Showcase Higher Education Research and Development Society of Australasia 2015

Assuring graduate capabilities in a disaggregated and distributed learning environment (#14)

Christine Ewan 1
  1. OLT Higher Education Standards Panel Research Fellow, University of Wollongong, Wollongong, NSW, Australia

Abstract Content (up to 300 words recommended)

The workshop will discuss and provide input to the further development of a project commissioned by the OLT and the Higher Education Standards Panel.   The main aims of the project are to identify models of disaggregated learning that have implications for formal higher education and to review international and national approaches to verifying outcomes, graduate capabilities and standards.  Central to this latter aim is the development of a good practice review or reference document for approaches to compiling and assessing evidence of learning outcomes and credit mobility and credentialing in disaggregated learning environments including workplace learning.

The project was initiated in recognition of a clear emerging need in relation to disaggregation of learning experiences and the foreseeable trend towards learner demand to be able to credit disaggregated and/or informal learning for formal academic credentials.  This emerging need has several drivers among which are:

·      both private and public providers are recognising the need to be more agile and collaborative outside the academy walls in response to the changing consumer and regulatory environment.

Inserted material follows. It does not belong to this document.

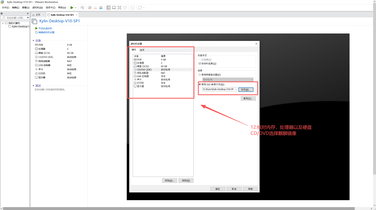 CD/DVD 需要挂载麒麟 ISO,保证虚拟机可以从镜像启动。

·      a global recognition of the need to be more responsive to social inequality through universal access to free and/or open education.

·      given the growing variety of models of and purposes for disaggregation it is unlikely that the current internal institutional methods for credit recognition, credit transfer and RPL will be sufficiently robust or sophisticated to cope with the likely demand in the medium to long term.

A variety of responses to these issues is in the very early stages of development in North America, UK, European Union, NZ and Australia.  A discussion document will outline the main approaches and canvass their applicability in the Australian context

The project also aims to identify areas in which the Higher Education Standards Framework might pose unnecessary hindrances to flexibility and collaboration for disaggregated learning models.


Addressing the theme/s of the Conference (up to 200 words recommended)

The themes of the conference are

·      How best to integrate learning more seamlessly with life and work

·      How to enhance opportunities offered for learning using digital technologies, both on-site and online.

The main topic for discussion in the workshop will be the ways in which Australian higher education can respond to and successfully integrate into credentialed programs learning opportunities which occur in the workplace, in the home and in contexts such as continuing professional development or life and work experiences. 

The need for and benefit of this new environment has arisen because of the potential of emerging technologies to both facilitate a broader range of learning experiences and outcomes and to enable a sophisticated and robust approach to capturing experiences, documenting, assessing and assigning formal credit to them.  The active engagement of learners in this process is also fostered and enhanced by the multitude of blended learning experiences that emerging technologies permit.